今回は少し長めですが、ぜひ読んでいってください!

 日差しが空から強く照り付けている中、私たち二人はゆっくり着実に帝都への道のりを歩んでいた。

 永遠に続くかに思えた筋トレについての話は、ここでやっと終わりを迎え、少し安堵感に満ちていたその頃、そろそろ休憩を挟もうかということになった。

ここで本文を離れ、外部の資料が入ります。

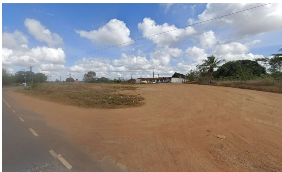
Figura 03: Registro fotográfico da área no Povoado Visgueiro em Muribeca/SE.

Documento assinado digitalmente gov.br LEANDRO DE ASSIS FERREIRA Data: 03/12/2025 14:29:23-0300 Verifique em https://validar.iti.gov.br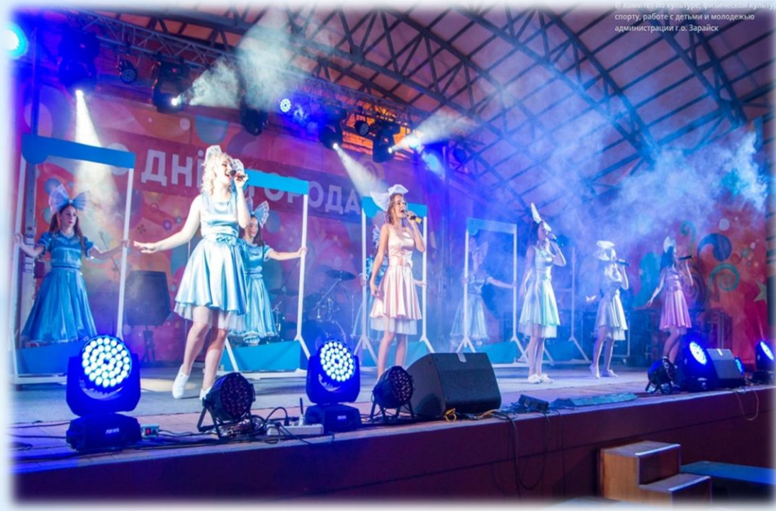
Комитет по культуре, физической культуре, спорту, работе с детьми и молодежью администрации г.о. Зарайск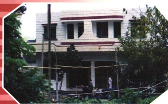
导江邮电所 (1994 年建)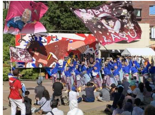
令和5年度開催時の様子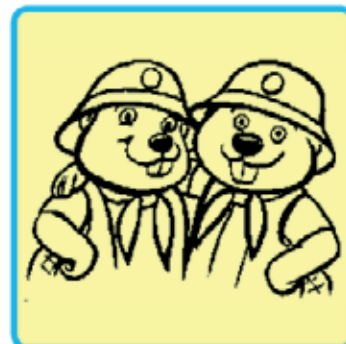
WIR HALTEN ZUSAMMEN!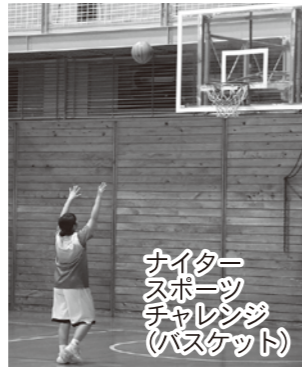
ナイター スポーツ チャレンジ (バスケット)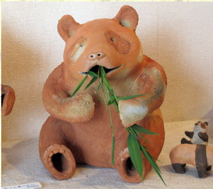
いつもいつも竹ばかり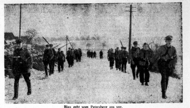
Blau geht vom Petersberg aus vor.

Die Hitlerjugend des Standortortes Halle führte am gestrigen Sonntag im Mann zwischen Weidersee und dem Petersberg ein großes Geländespiel durch, das einen überaus interessanten Verlauf nahm. Die Teilnehmerzahl betrug 1000 Mann, darunter 400 Hitlerjugendler, 400 Wehrmachtsangehörige und 200 Mitglieder der Sonderabteilungen. Das Spiel wurde von der Obergebietsführung geleitet und wurde in drei Phasen unterteilt. In der ersten Phase wurden die Teilnehmer in vier Gruppen eingeteilt, die jeweils einen bestimmten Bereich des Geländes zu erobern hatten. Die zweite Phase bestand darin, die eroberten Gebiete zu verteidigen, während die dritte Phase die endgültige Entscheidung brachte. Die Teilnehmer zeigten eine hohe Kampfmotivation und eine ausgezeichnete Zusammenarbeit. Die Wehrmacht und die Sonderabteilungen leisteten wertvolle Unterstützung und halfen bei der Organisation des Spiels.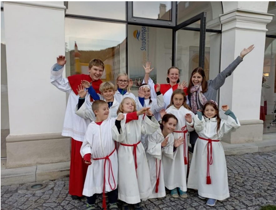
Text u. Fotos: Helena Radlmüller

Im Rahmen der Bischofsvisitation durften am 12. Oktober die Ministranten des Dekanates Grein an einem gemeinsamen Ministrantennachmittag im Stift Waldhausen teilnehmen.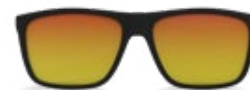
M Black Silver Ref. 20100260671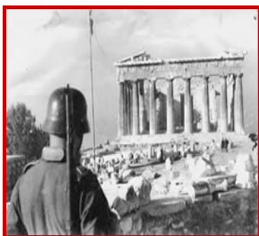
Κατοχή, Αθήνα: Οι Γερμανοί στην Ακρόπολη.

Στις 28 Οκτωβρίου 1940 η φασιστική τότε Ιταλία κήρυξε τον πόλεμο στην Ελλάδα. Μετά από αντίσταση από τη μεριά της χώρας μας που κράτησε πολλούς μήνες, την άνοιξη του 1941 της επιτέθηκε και η σύμμαχος της Ιταλίας, η ναζιστική Γερμανία. Παρά την αρχική αντίστασή της, η Ελλάδα τελικά ηττήθηκε και καταλήφθηκε από τους Γερμανούς, τους Ιταλούς και τους συμμάχους τους Βούλγαρους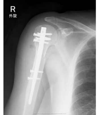
上腕骨近位部骨折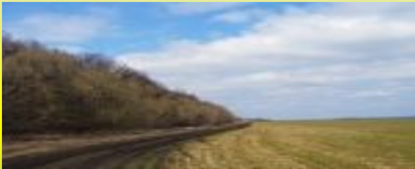
Дорога в Знаменское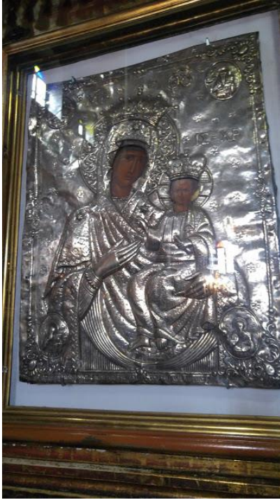
2.2. Gümüş kaplı Meryem ikonası Fener Rum Patrikhanesi (16 Mart 2018)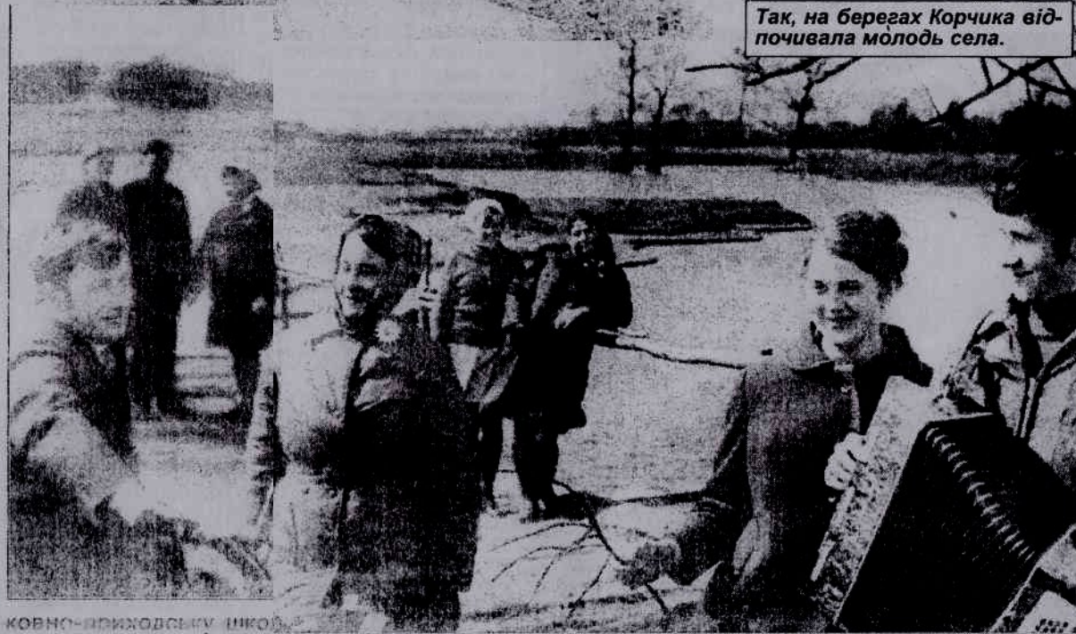
Так, на берегах Корчика відпочивала молодь села.

Частина села, що розташована за річкою Корчик, так і називається Заріччя. Крім того, до села прилягає хутір, на лівому березі Корчика понад шляхом до села Сторожів. Хутір виник на початку XX ст., коли в результаті Столипінської реформи мешканці села почали переселятися на свої земельні наділи і засновували там господарства. Селяни перебували в кріпосній залежності від поміщика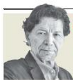
Jorge Zepeda Patterson "Vidas de periodistas: el caso José Rubén Zamora en Guatemala" - P. 9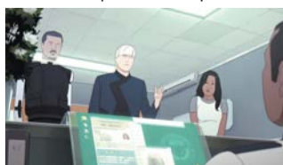
| ПРЕДСТАВЛЕНО ОРГАНИЗАТОРАМИ

Анимационный фильм – участник Каннского кинофестиваля. 2200 год, Марс. В центре сюжета два сыщика – Алин Руби и её напарник андроид Карлос Ривьера. По заданию состоятельного клиента детективы выслеживают студентку-хакера, создавшую код для снятия всех этических ограничений с роботов.

「ここで休憩してもいいが、もう少し進んだ方がいい風景が味わえるから、そこで休憩しようと思う」


 今現在、私とルドーがいるところは、軽い上り坂となっている。そこまでキツイ坂という訳ではないが、だいぶ長い間登ってきた気がする。そして先に見えるのは、十段ほどの木の階段で、その先がどうなっているのかはここからは確認できない。周りはピンク色の花を咲かせた名前のわからない植物が生い茂っている。これでも充分綺麗だと私は思うが、はて、この先にはどのような景色が広がっているのだろうか。


「この先には、何があるの?」

「……まあ、見てからのお楽しみだ」


 ルドーは、それしか答えなかった。口で説明するより見た方が早いということか。


 階段を上り始める。一段、二段、三段……一段登るごとに少しずつ景色が広がっていく。六段登ったところで、私の足音は一気に弾んだ。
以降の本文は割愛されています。